Sunday, October 6, 2019

Belarus Remains ‘at Greatest Risk’ of Russian Annexation, Illarionov Says


Paul Goble

            Staunton, October 5 – Belarus remains “at greatest risk” of Russian annexation because it lacks a defense capability and the West is uncertain as to what if anything it will do should Vladimir Putin move to absorb it, according to Russian commentator Andrey Illarionov who earlier served as a Putin advisor.

            He tells Die Welt’s Christooph B.Schiltz that NATO and the EU seek to “restore the international order in the form in which it existed before Russian aggression in Georgia in 2008 and in Ukraine in  2014,” but they haven’t achieved that goal and remain in a reactive mode (welt.de/politik/ausland/article201356694/Andrej-Illarionow-Putin-viel-smarter-als-Obama-und-Trump-zusammen.html translated into Russian at inopressa.ru/article/04Oct2019/welt/illarionov.html).

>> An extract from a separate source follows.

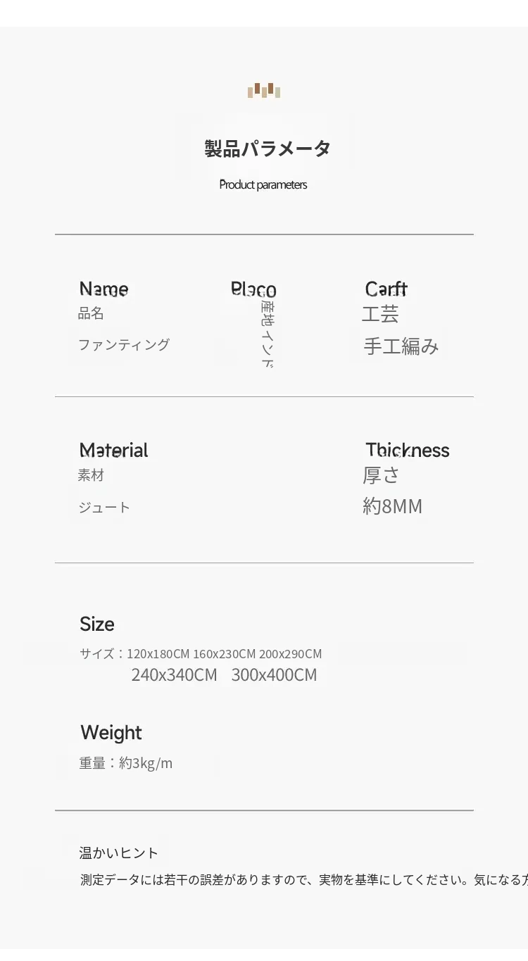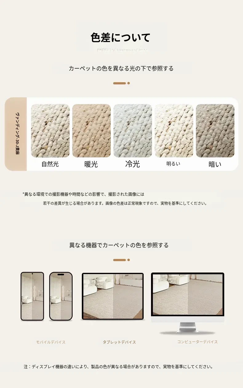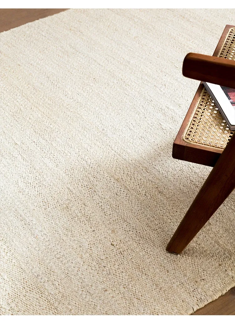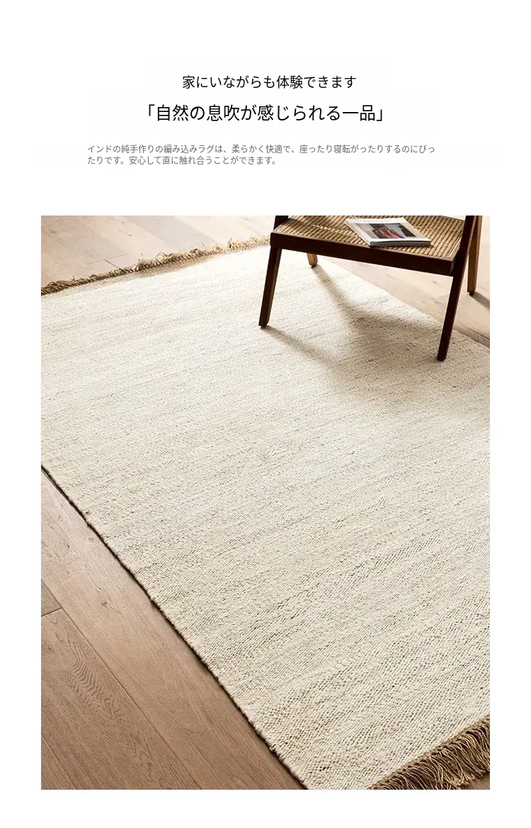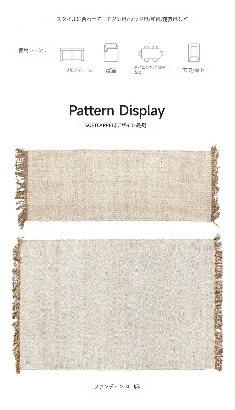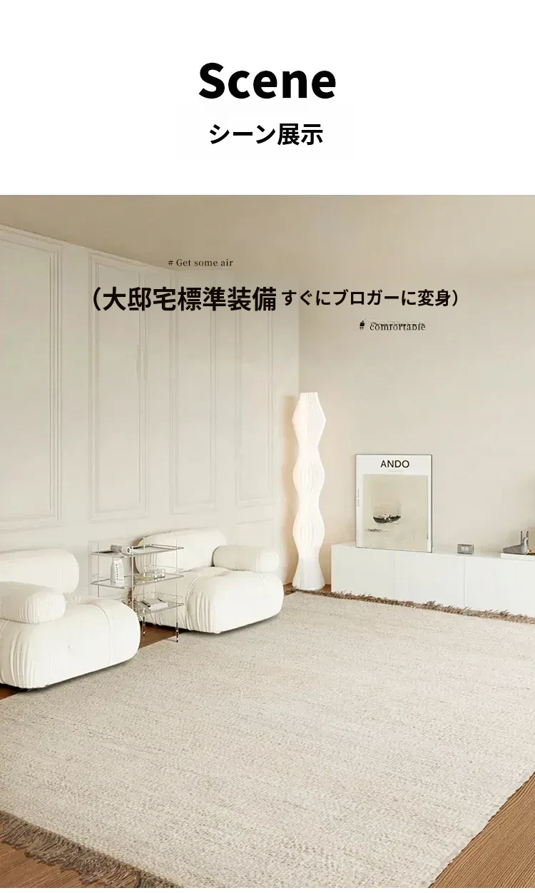 視覚的な美味しさを引き立てる、ノーグルー高級感溢れるホワイトカーペット。和風デザインの輸入手作りジュート製コーヒーテーブルマット。家のリビングにぴったり!

            “It is necessary to do still more,” Illarionov says. Nowhere is that more the case than with regard to Belarus, the country in Europe “under the greatest threat from Moscow.” It isn’t a member of NATO or another military alliance and it lacks its own effective defense. Moreover, the question arises as to what NATO would do or whether it would do anything if Belarus were subject to attack and annexation.”

            Moscow could likely achieve its goal by decapitating the regime in Minsk. “Lukashenka could go into the woods for mushrooms and not return. In the past we have seen that Moscow has many opportunities to eliminate people. And if in Belarus, the chief disappeared, there would then not be anyone else who could give orders.” The system would be open for destruction and occupation.

            Lukashenko has dominated the scene for 25 years, he doesn’t have a successor, and “there is no effective civil society, effective parties or effective parliament. Ninety percent of the population speaks Russian, the majority of the population are Orthodox Christians, and the reputation of Russia is on the whole positive.”

            “Therefore,” Illarionov says, “Putin could deal with the situation there without difficulty … In Ukraine at the start of military operations, an oligarch formed his own battalions in order to resist the Russian aggressor. This was a sign of an existing civic culture. In Belarus, nothing similar exists.

            Elsewhere, he continues, Putin has shown himself capable of outplaying the West. For example, in the Middle East, he “has shown that he is much more clever and tougher than former US President Obama or President Trump or both of them taken together.” The US dominated the region before 2015, but the US withdrawal from Syria, “everyone suddenly understood … the Russians are coming.”

            That represents “a major political victory for Putin,” Illarionov says.